• _REQUIRED WORK_:
Having located "Ersatzteile für Honda" in the listing below, write out its line and every following line exactly, last line included, without the pictures.

• _DATA EXTRACTS_:

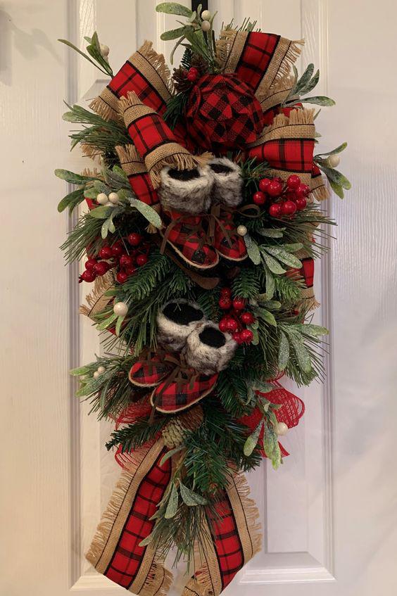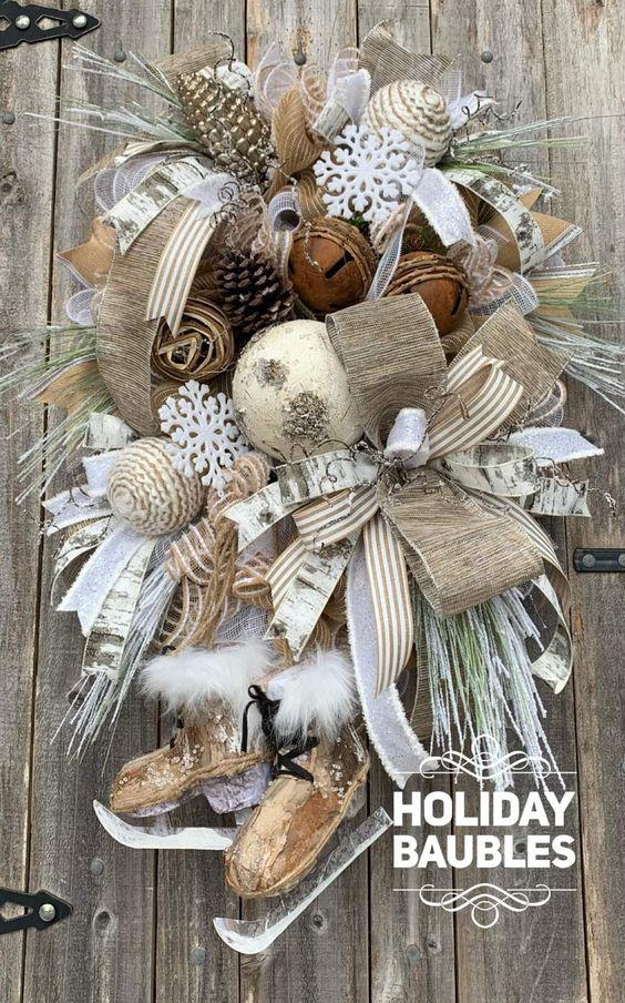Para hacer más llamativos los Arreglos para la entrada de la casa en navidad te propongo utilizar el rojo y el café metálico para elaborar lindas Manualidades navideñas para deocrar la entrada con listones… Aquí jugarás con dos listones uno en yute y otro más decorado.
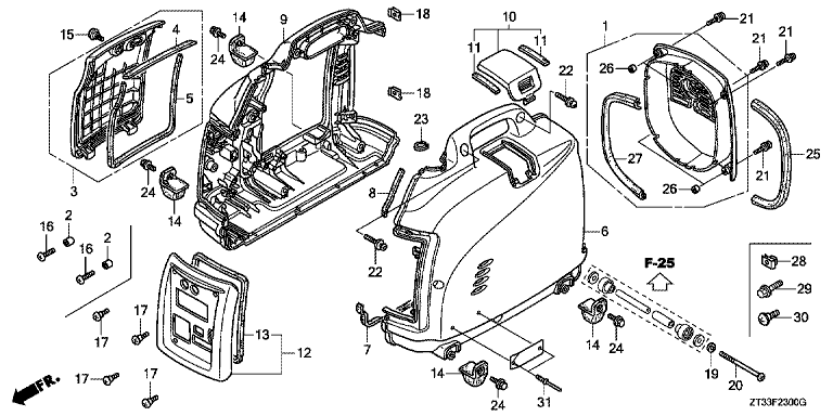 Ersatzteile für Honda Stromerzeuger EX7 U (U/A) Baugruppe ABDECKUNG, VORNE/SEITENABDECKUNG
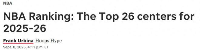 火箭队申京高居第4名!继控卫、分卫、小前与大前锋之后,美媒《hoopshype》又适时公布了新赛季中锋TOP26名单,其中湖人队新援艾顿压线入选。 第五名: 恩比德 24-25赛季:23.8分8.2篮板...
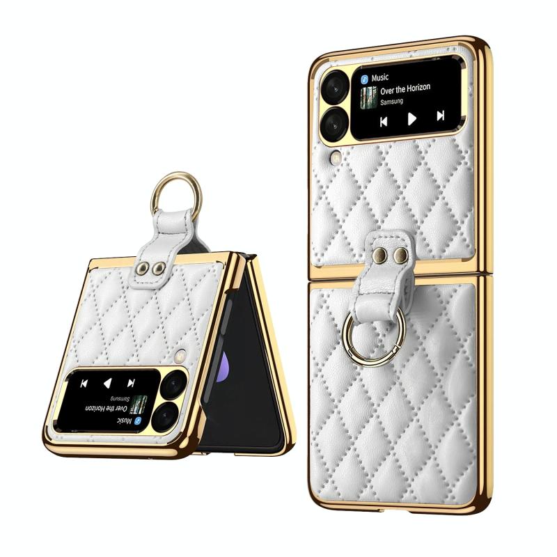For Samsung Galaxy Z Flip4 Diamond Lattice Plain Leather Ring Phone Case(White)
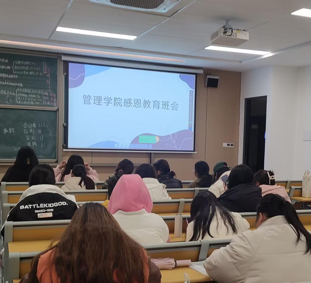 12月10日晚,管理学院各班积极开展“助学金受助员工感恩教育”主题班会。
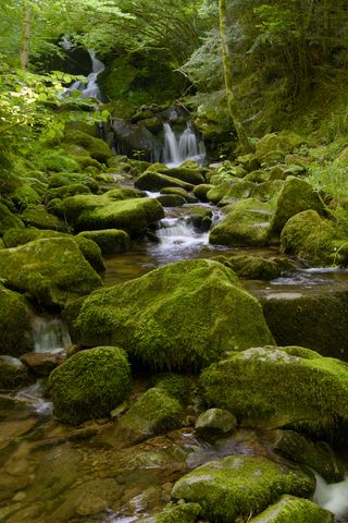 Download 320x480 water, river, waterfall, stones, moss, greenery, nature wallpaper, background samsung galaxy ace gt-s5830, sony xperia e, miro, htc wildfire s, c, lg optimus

• _EXPECTED ANSWER_:
 Ersatzteile für Honda Stromerzeuger EX7 U (U/A) Baugruppe ABDECKUNG, VORNE/SEITENABDECKUNG
 火箭队申京高居第4名!继控卫、分卫、小前与大前锋之后,美媒《hoopshype》又适时公布了新赛季中锋TOP26名单,其中湖人队新援艾顿压线入选。 第五名: 恩比德 24-25赛季:23.8分8.2篮板...
For Samsung Galaxy Z Flip4 Diamond Lattice Plain Leather Ring Phone Case(White)
 12月10日晚,管理学院各班积极开展“助学金受助员工感恩教育”主题班会。
 Download 320x480 water, river, waterfall, stones, moss, greenery, nature wallpaper, background samsung galaxy ace gt-s5830, sony xperia e, miro, htc wildfire s, c, lg optimus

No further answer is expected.